** YOUR GOAL **
Print all of the data below exactly as it appears, leaving out every image.

** SUPPLIED MATERIAL **
────────────────────
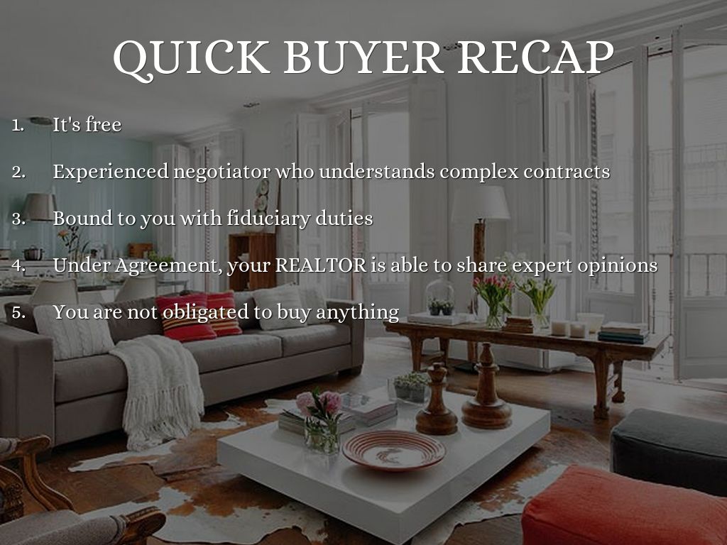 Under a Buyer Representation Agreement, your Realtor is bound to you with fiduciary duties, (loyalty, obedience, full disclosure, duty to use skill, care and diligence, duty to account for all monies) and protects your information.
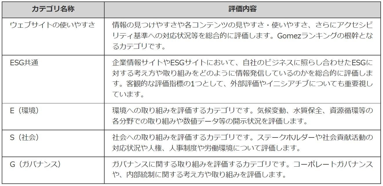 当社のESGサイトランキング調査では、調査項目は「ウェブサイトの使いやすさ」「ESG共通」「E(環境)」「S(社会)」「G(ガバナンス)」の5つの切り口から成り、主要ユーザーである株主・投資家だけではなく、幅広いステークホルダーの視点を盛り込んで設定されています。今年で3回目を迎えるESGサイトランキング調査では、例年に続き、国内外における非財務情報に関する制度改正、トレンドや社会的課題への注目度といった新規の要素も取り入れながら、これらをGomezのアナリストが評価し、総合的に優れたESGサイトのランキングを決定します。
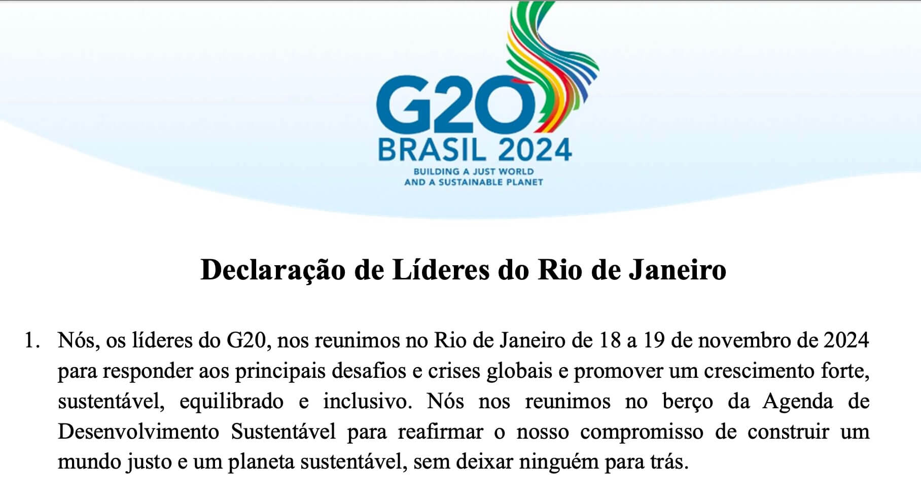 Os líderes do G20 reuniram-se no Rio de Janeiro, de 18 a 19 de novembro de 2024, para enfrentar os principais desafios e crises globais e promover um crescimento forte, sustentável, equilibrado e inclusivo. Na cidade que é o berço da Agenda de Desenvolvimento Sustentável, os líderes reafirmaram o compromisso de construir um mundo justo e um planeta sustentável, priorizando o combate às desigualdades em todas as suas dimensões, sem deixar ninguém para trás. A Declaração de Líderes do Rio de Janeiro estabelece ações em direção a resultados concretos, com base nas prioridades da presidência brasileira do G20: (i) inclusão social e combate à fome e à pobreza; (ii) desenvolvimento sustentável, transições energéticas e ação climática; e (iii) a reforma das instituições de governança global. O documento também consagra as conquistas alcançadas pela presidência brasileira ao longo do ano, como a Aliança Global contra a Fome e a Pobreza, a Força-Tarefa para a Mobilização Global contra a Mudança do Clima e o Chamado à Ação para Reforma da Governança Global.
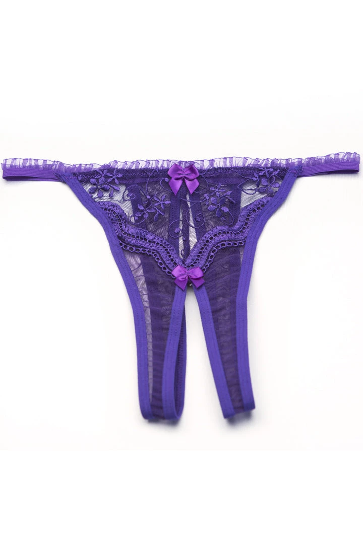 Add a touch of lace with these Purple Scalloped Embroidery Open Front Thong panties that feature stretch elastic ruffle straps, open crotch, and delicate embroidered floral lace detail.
────────────────────
** ANSWER BELOW **
 Under a Buyer Representation Agreement, your Realtor is bound to you with fiduciary duties, (loyalty, obedience, full disclosure, duty to use skill, care and diligence, duty to account for all monies) and protects your information.
 当社のESGサイトランキング調査では、調査項目は「ウェブサイトの使いやすさ」「ESG共通」「E(環境)」「S(社会)」「G(ガバナンス)」の5つの切り口から成り、主要ユーザーである株主・投資家だけではなく、幅広いステークホルダーの視点を盛り込んで設定されています。今年で3回目を迎えるESGサイトランキング調査では、例年に続き、国内外における非財務情報に関する制度改正、トレンドや社会的課題への注目度といった新規の要素も取り入れながら、これらをGomezのアナリストが評価し、総合的に優れたESGサイトのランキングを決定します。
 Os líderes do G20 reuniram-se no Rio de Janeiro, de 18 a 19 de novembro de 2024, para enfrentar os principais desafios e crises globais e promover um crescimento forte, sustentável, equilibrado e inclusivo. Na cidade que é o berço da Agenda de Desenvolvimento Sustentável, os líderes reafirmaram o compromisso de construir um mundo justo e um planeta sustentável, priorizando o combate às desigualdades em todas as suas dimensões, sem deixar ninguém para trás. A Declaração de Líderes do Rio de Janeiro estabelece ações em direção a resultados concretos, com base nas prioridades da presidência brasileira do G20: (i) inclusão social e combate à fome e à pobreza; (ii) desenvolvimento sustentável, transições energéticas e ação climática; e (iii) a reforma das instituições de governança global. O documento também consagra as conquistas alcançadas pela presidência brasileira ao longo do ano, como a Aliança Global contra a Fome e a Pobreza, a Força-Tarefa para a Mobilização Global contra a Mudança do Clima e o Chamado à Ação para Reforma da Governança Global.
 Add a touch of lace with these Purple Scalloped Embroidery Open Front Thong panties that feature stretch elastic ruffle straps, open crotch, and delicate embroidered floral lace detail.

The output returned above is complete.